Israel is considering legalizing recreational cannabis following Canada’s model

Israel is considering legalizing recreational cannabis following Canada’s model

By: Teresa Garcia Activism

In 2017, the State of Israel decriminalized recreational cannabis use; since then is subject to fines and detoxification rather than criminal prosecution. Israel has been the first country in the Middle East to decriminalize marijuana use. Now, Israeli Prime Minister Benjamin Netanyahu has gone one step further by claiming on social media that he is putting pressure on his government to legalize marijuana use.

“I have explored the subject in depth and decided to promote the removal of 10.000 people criminal records cannabis use and possession, which has caused unnecessary suffering to many people and placed a burden on the Israeli courts”, the Israeli Prime Minister said on his Facebook account on February 23.

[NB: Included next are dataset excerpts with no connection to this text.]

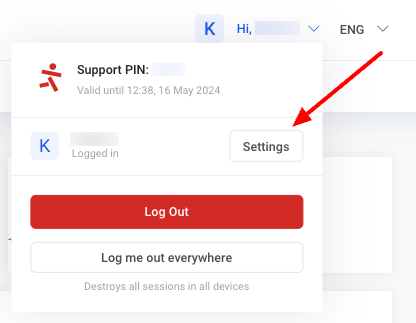The API key can be generated by logging in to My Zone and selecting Settings in the top right corner: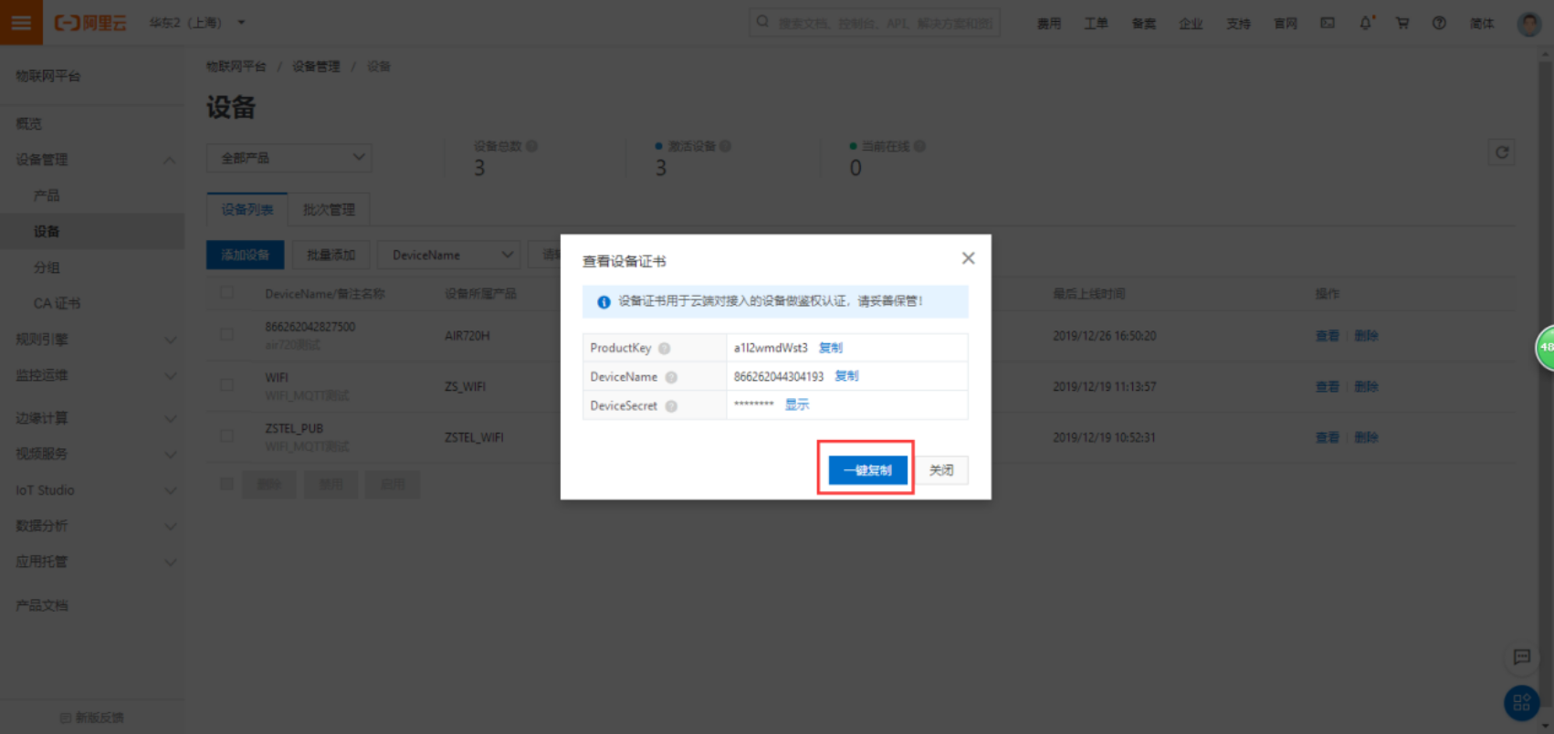 5)添加好设备后会弹出设备鉴权证书,新建一个文本文档,点击一键复制,将信息复制到文档里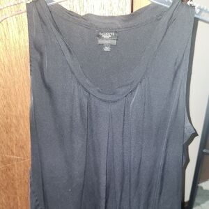 This Talbots tank top features a sleek sleeveless design in a sophisticated gray hue. The pleated detailing adds a touch of elegance to its simple, casual style. Perfect for layering or wearing on its own, this top offers a versatile addition to any wardrobe.

As Netanyahu added, “Minister Ohana has started working on the matter and will chair a committee with professionals as well as the president of Ale Yarok, Oren Leibowitz. The committee will examine the importation of the Canadian model in order to regulate a legal market in Israel.” Amir Ohana, Israeli Minister of Justice since June 2019 and the first openly gay parliamentarian in Israel, is also a member of the Lobby for Medical Cannabis in Israel – in addition to being a member of another lobby that is pushing for the firearms regulation in the country.

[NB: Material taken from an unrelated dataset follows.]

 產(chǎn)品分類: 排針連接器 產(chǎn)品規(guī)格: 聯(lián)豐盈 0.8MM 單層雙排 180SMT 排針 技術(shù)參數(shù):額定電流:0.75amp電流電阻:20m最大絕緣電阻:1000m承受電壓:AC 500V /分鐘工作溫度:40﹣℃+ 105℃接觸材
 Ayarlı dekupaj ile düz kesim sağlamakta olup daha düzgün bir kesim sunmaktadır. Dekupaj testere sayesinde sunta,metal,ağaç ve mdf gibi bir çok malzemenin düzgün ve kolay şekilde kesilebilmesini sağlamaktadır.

Moreover, Ale Yarok is an ultra-liberal party that did not win seats in the Israeli Parliament in the last elections, who calls for the legalization of cannabis, but also the liberalization of gambling or the implementation of school vouchers, although in the case of the Israeli occupation of Palestinian territory, bets on the “two-state solution”. And, as Netanyahu has specified, his favourite way to regularize the cannabis industry is the Canadian one, in which large industries are empowered as main suppliers of marijuana.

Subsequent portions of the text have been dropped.